Mr Owens, who has published The Little Book of Prison, which aims to help first time cons survive the tough first few months behind bars, has accused the Government of ‘headline grabbing.’

“Prison in its physical form is torturous. I actually grew up on holiday camps and serving a prison sentence is the absolute opposite you can ever have to a holiday camp. If these rehabilitation programmes were available, I know that prisoners would embrace them. But the ones that are available are limited and often run by charitable organisations.

“Television is being used as a stick to beat prisoners with.

“Television and radio can be used as a tool and to motivate. The National Prison Radio, for example, and I would be using it to promote Open University courses. We need to give prisoners something productive to do,” the former Meriden resident said.

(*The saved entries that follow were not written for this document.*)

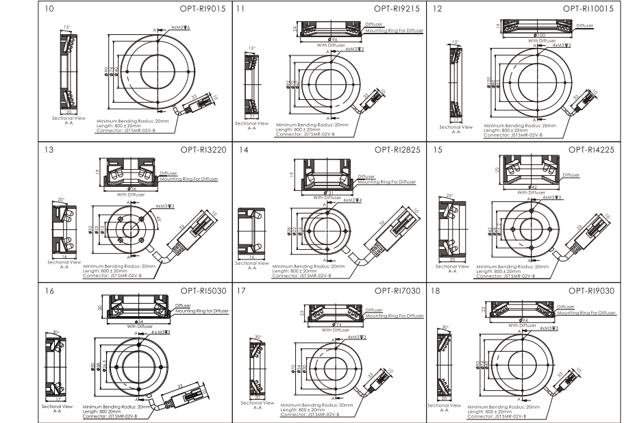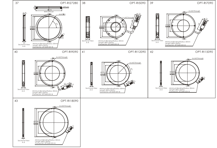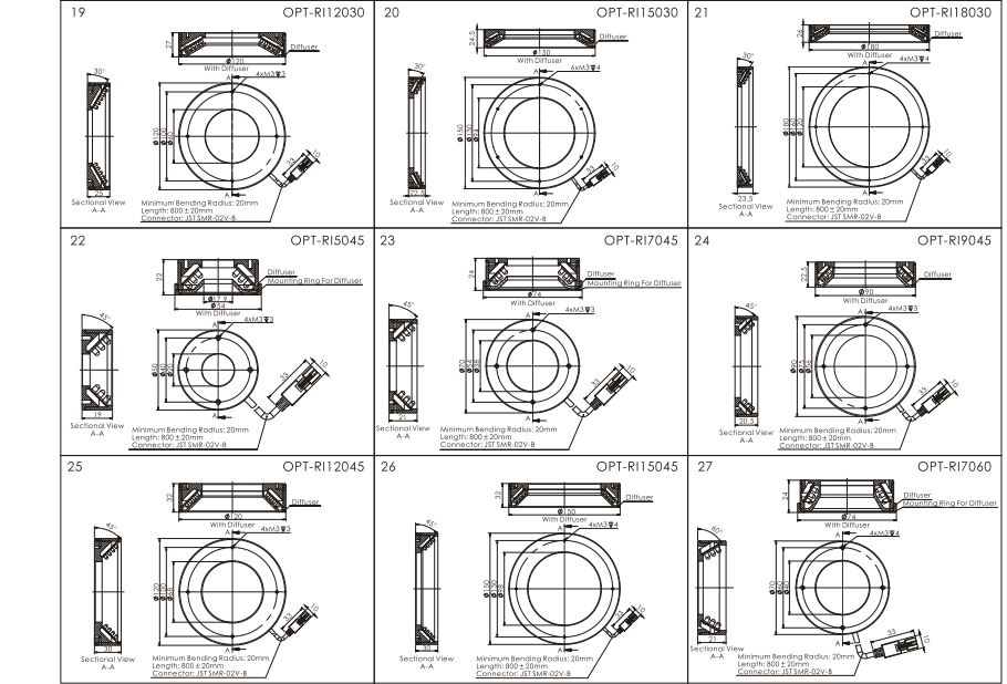 25度15 OPT-RI4225 24V/0.5W 24V/1.1W OPT-DPA1024E 16 OPT-RI5030 24V/0.5W 24V/1.6W OPT-DPA1024E 30度 17 OPT-RI7030 24V/1.5W 24V/2.9W OPT-DPA1024E 18 OPT-RI9030 24V/2.4W 24V/5.6W OPT-DPA1024E 19 OPT-RI12030 24V/5.3W 24V/10.6W OPT-DPA1024E 20 OPT-RI15030 24V/4.8W 24V/7.8W OPT-DPA1024E 21 OPT-RI18030 24V/10.6W 24V/18.8W OPT-DPA1024E 22 OPT-RI5045 24V/1.0W 24V/2.3W OPT-DPA1024E 45度 23 OPT-RI7045 24V/1.5W 24V/3.3W OPT-DPA1024E 24 OPT-RI9045 24V/1.8W 24V/4.6W OPT-DPA1024E 25 OPT-RI12045 24V/3.8W 24V/8.1W OPT-DPA1024E 26 OPT-RI15045 24V/4.6W 24V/12W OPT-DPA1024E 27 OPT-RI7060 24V/1.5W 24V/3.9W OPT-DPA1024E 60度 28 OPT-RI9060 24V/2.4W 24V/4.8W OPT-DPA1024E 29 OPT-RI12060 24V/4.6W 24V/10W OPT-DPA1024E 30 OPT-RI15060 24V/4.8W 24V/10.8W OPT-DPA1024E 31 OPT-RI18060 24V/6.0W 24V/12.8W OPT-DPA1024E 32 OPT-RI27270 24V/4.6W 24V/7.2W OPT-DPA1024E 70度 33 OPT-RI18075 24V/3.4W 24V/4.8W OPT-DPA1024E 75度 34 OPT-RI5080 24V/0.9W 24V/1.6W OPT-DPA1024E 80度 35 OPT-RI10080 24V/1.9W 24V/3.6W OPT-DPA1024E 36 OPT-RI12080 24V/5.2W 24V/8.7W OPT-DPA1024E 37 OPT-RI27280 24V/7.5W 24V/11.1W OPT-DPA1024E 38 OPT-RI5090 24V/0.5W 24V/0.8W OPT-DPA1024E 90度 39 OPT-RI7090 24V/0.6W 24V/1.4W OPT-DPA1024E 40 OPT-RI9090 24V/0.6W 24V/1.2W OPT-DPA1024E 41 OPT-RI12090 24V/1.8W 24V/2.2W OPT-DPA1024E 42 OPT-RI15090 24V/2.1W 24V/3.2W OPT-DPA1024E 43 OPT-RI18090 24V/1.8W 24V/3.8W OPT-DPA1024E -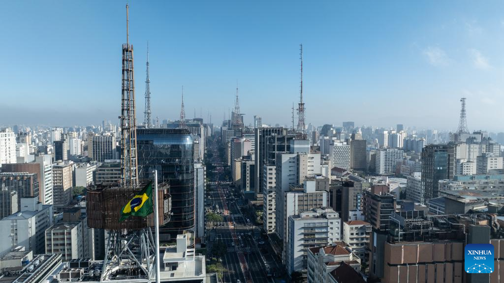 SAO PAULO, 17 mayo, 2025 (Xinhua) -- Vista aérea tomada con un dron el 15 de mayo de 2025 de edificios de gran altura a lo largo de la Avenida Paulista, en Sao Paulo, Brasil. (Xinhua/Wang Tiancong)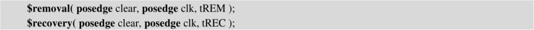 $recrem时序检查将$removal和$recovery时序检查的功能组合为一个时序检查,因此,下面的调用: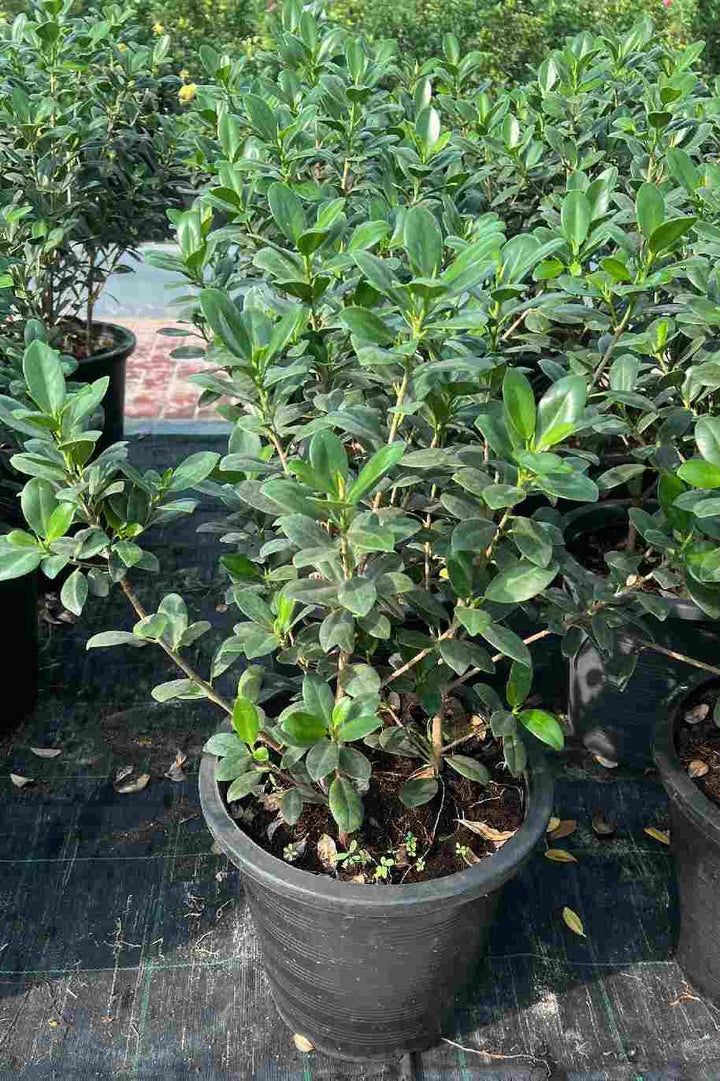 Ficus microcarpa Green Island (Chinese Banyan) leaves are little longer than wide, say three to four inches in either dimension, and the shape would be described botanically as orbicular with only an obscure tip These leaf differences are pretty constant, but even more significant is the growth habit. Green Island tends to spread out sideways and is easy to train as a ground-hugging shrub clinging closely to rocks, across a bed, or even trailing down a wall.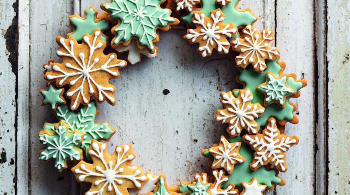 Biscotti a forma di fiocchi di neve e stelle, diversamente glassati, formano una splendida ghirlanda, da appendere in casa o da portare in dono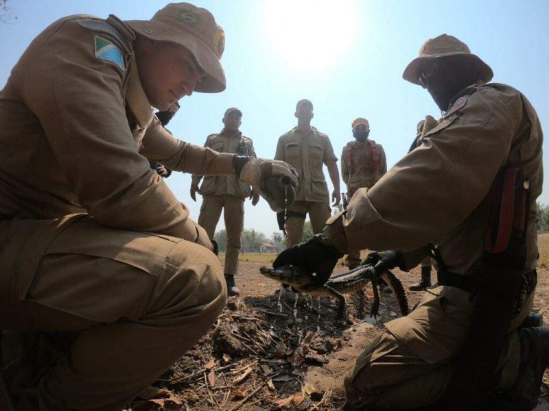 Militares do Corpo de Bombeiros de Mato Grosso do Sul resgataram um filhote de jacaré em meio aos incêndios que destroem o Pantanal na região de Poconé, no Mato Grosso, nesta segunda-feira (31). O animal estava bastante debilitado e foi devolvido a única área com água no município, o Rio São Lourenço.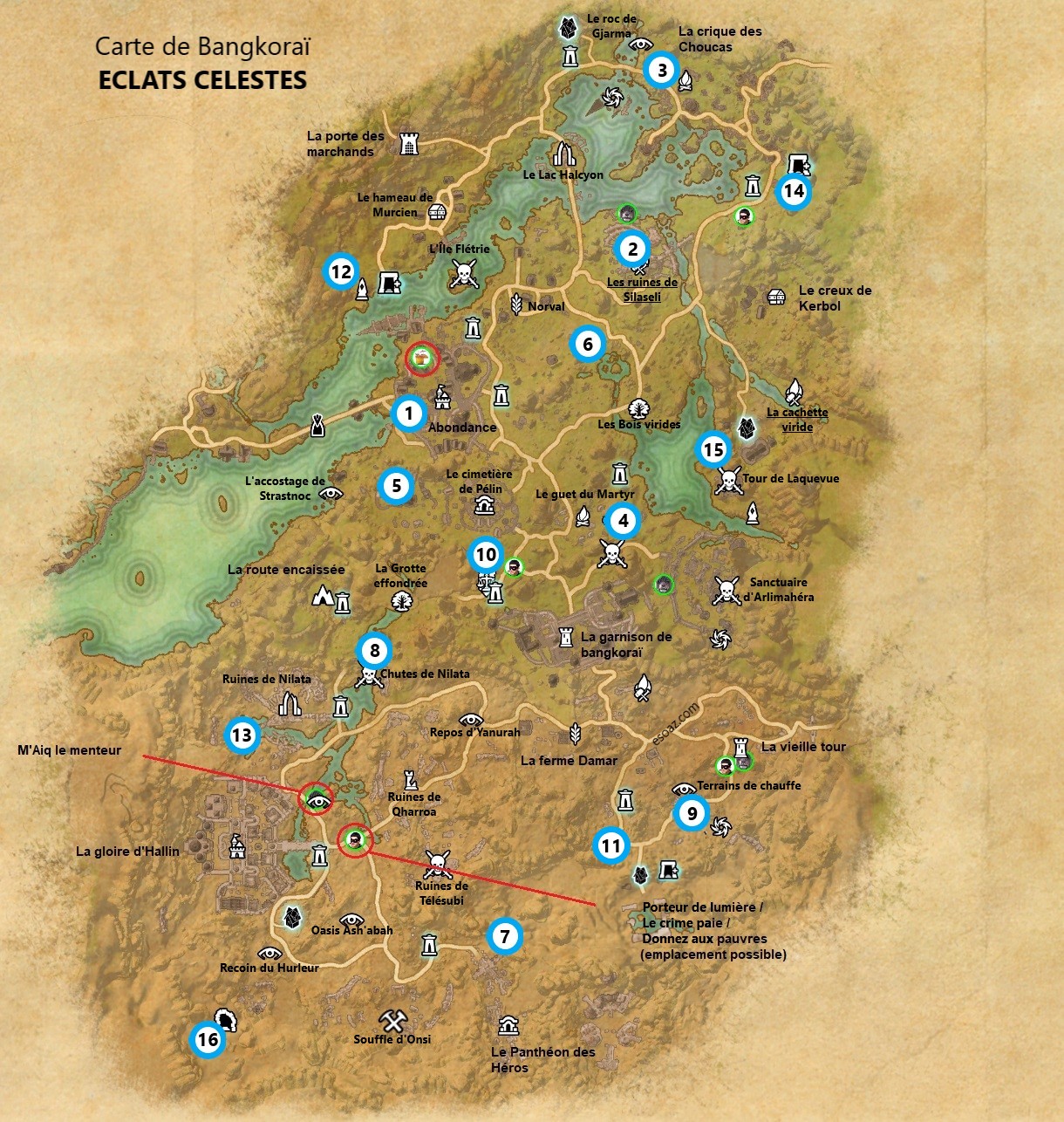 Vous trouverez sur la carte ci-dessous, les emplacements des succès d’exploration tels que porteur de lumière, c’est ma tournée etc … les éclats célestes ainsi que tous les lieux visitables de la carte.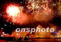 组图:浦江烟花贺峰会 2001年10月20日 22:29 ![]() 二十日晚,色彩缤纷的烟花映红上海浦江两岸,祝贺APEC高峰会举行。中新社记者 毛建军 摄 ![]() 大型景观焰火表演“今宵如此美丽”于10月20日晚上9时在浦江之滨亮相,五彩缤纷的焰火吸引APEC会议的摄影记者在东方明珠塔下不停地按下快门。中新社图 肖方 摄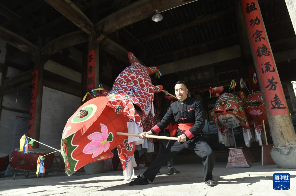 1月6日,安(an)徽省黃(huang)山市歙(she)縣北(bei)岸鎮瞻淇村魚燈(deng)隊隊長鄭冬蛟在(zai)演示舞魚燈(deng)。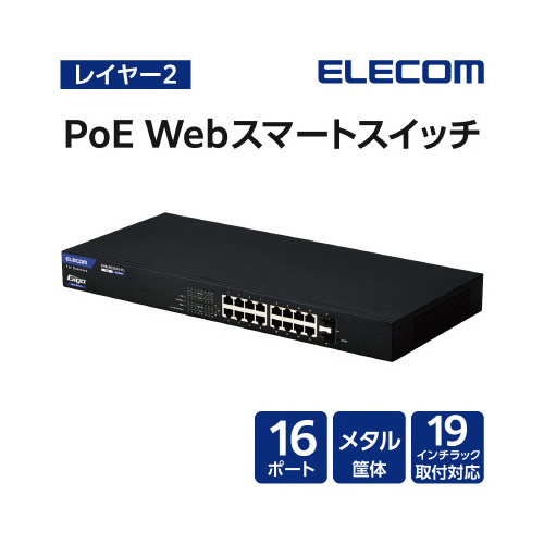 全ポート1Gbpsに対応。Webブラウザー経由でVLAN・QoSなどを設定できる1000BASE-T対応のレイヤー2ファンレスPoE(120W)Webスマートスイッチ。耐熱50℃、3年保証対応。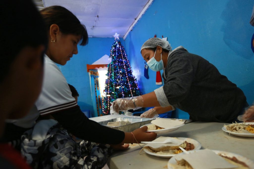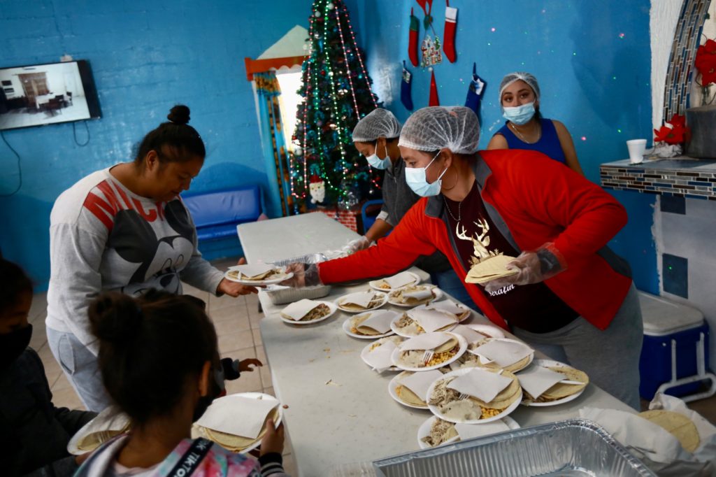 Cientos de migrantes comieron pavo durante este día en el albergue Pan de Vida, de acuerdo con un recorrido realizado por Norte Digital.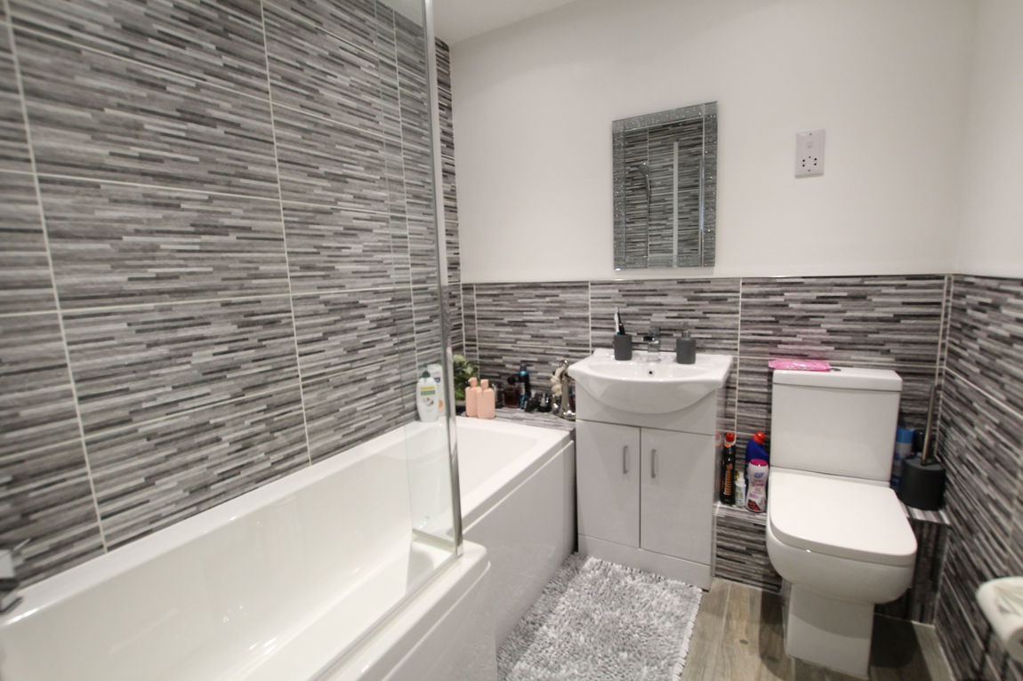 Refitted luxury bathroom with vertical towel rail/radiator, three piece modern suite comprising of low level W.C, wash hand basin, ‘P’ shaped panel bath with shower/mixer tap over and fitted screen, tiling to splash areas.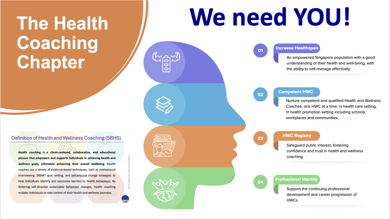 We are a group of like-minded and dedicated individuals within SBHS who share a passionate commitment to advancing the practice of health coaching in Singapore through the creation and setting of self-regulatory health coaching framework and standard. We recognised that building up a pool of competent Health and Wellness Coaches who will be able to tailor a more holistic and personalised strategies to address each individual's unique lifestyle factors, provide guidance on behaviour change, and help individuals maintain accountability in developing sustainable lifestyle changes and promoting overall health and wellness is of paramount importance and will revolutionise the way health and wellness are approached which is in line with Healthier SG.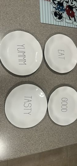 4-piece set of white ceramic plates from the Parini Cookware line, featuring the words "YUMMM", "EAT$40Chula Vista, CA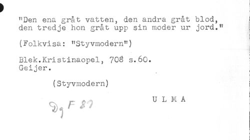 //// "Den ena gråt vatten, den andra gråt blod, { //// den tredje hon gråt upp sin moder ur jord." //// ! //// (Folkvisa: "Styvmodern") //// t //// t //// j //// Blek.Kristinaopel, 703 s.60. I //// Geijer. //// (Styvmodern) ! //// - //// i //// U L M A ////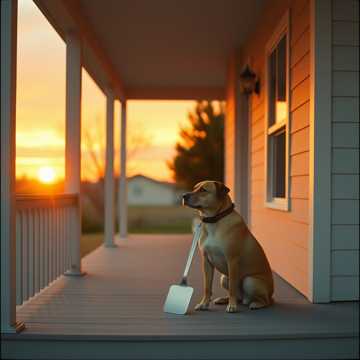 "Keep that edge neat!" he hollers, while the dog shakes his head,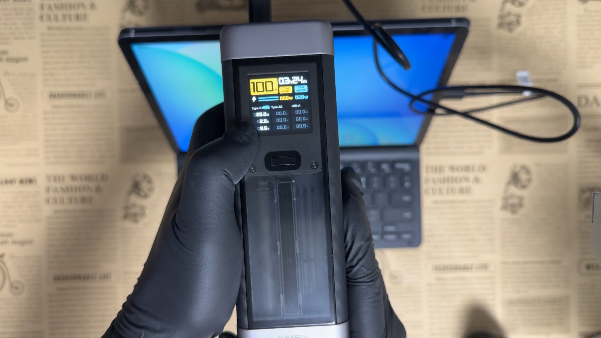 배터리는 8,000mAh 대용량이라 충전 걱정없이 사용할 수 있습니다. 제가 가지고 있는 보조 배터리로 측정해 본 결과 28W 정도로 측정됩니다.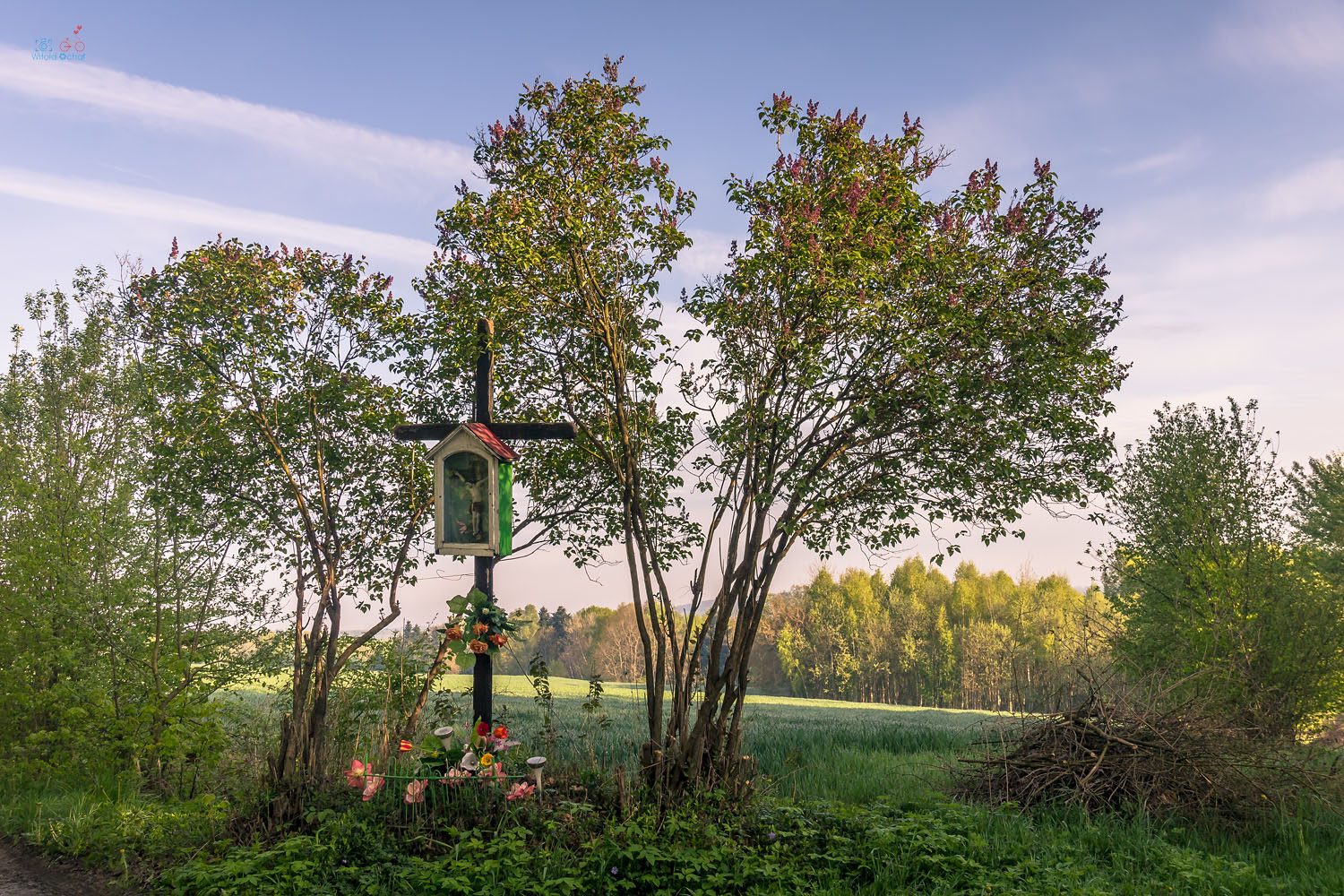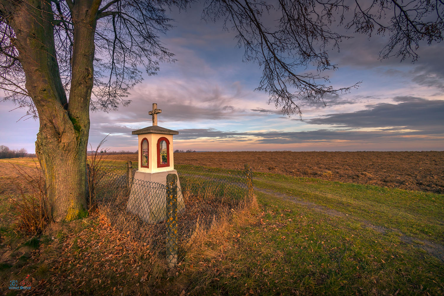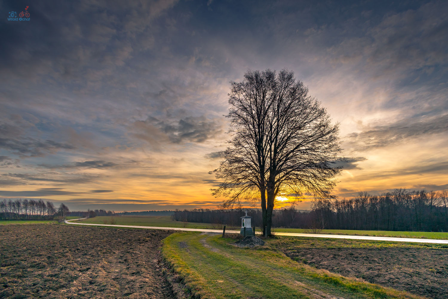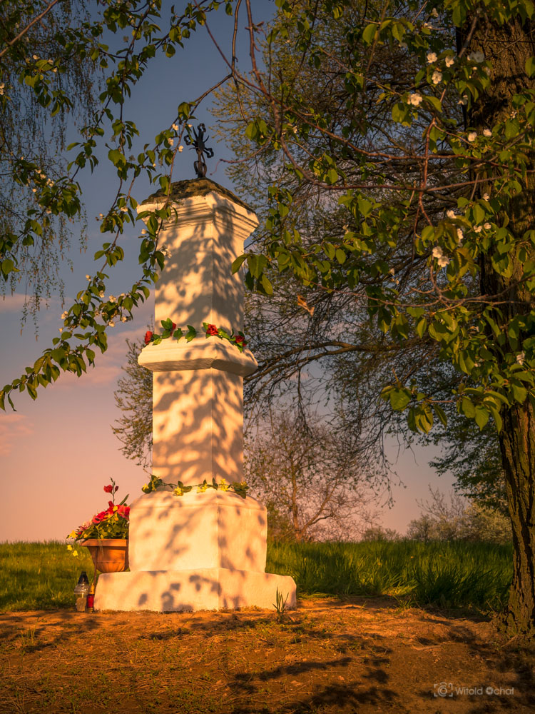 Kilka kilometrów ode mnie ciągnie się szczytem wzgórza wąska, mało uczęszczana asfaltowa droga – częsty cel moich fotograficznych i rowerowych wycieczek. Znajduje się tam poniższa kapliczka pod lipą, a oprócz tego kolejna i metalowy krzyż oraz trzy urokliwe małe kapliczki na starych drzewach. Wszystkie te sześć miejsc bardzo lubię i często je fotografuję.

Meriden MP Caroline Spelman welcomed the idea that privileges in prison should be earned ‘and should not come as a right.’

But Mrs Burt disagreed: “As an ex assistant governor I can assure your readers that the day-to-day reality of prison is not the cushy number that it is portrayed in some newspapers.

“Many prisoners are locked up for many, many hours on end, every single day.

“I would love them to have a longer working day, or in some cases any working day at all. Most of all I want to see them get access to work and skills training to give them tools they need to go straight when they get out.

“If Mr Gove wants to censor their ability to watch Scary Monster 2 or the third series of the Inbetweeners that’s fine with me, but I’d rather he focused on getting the basics right.”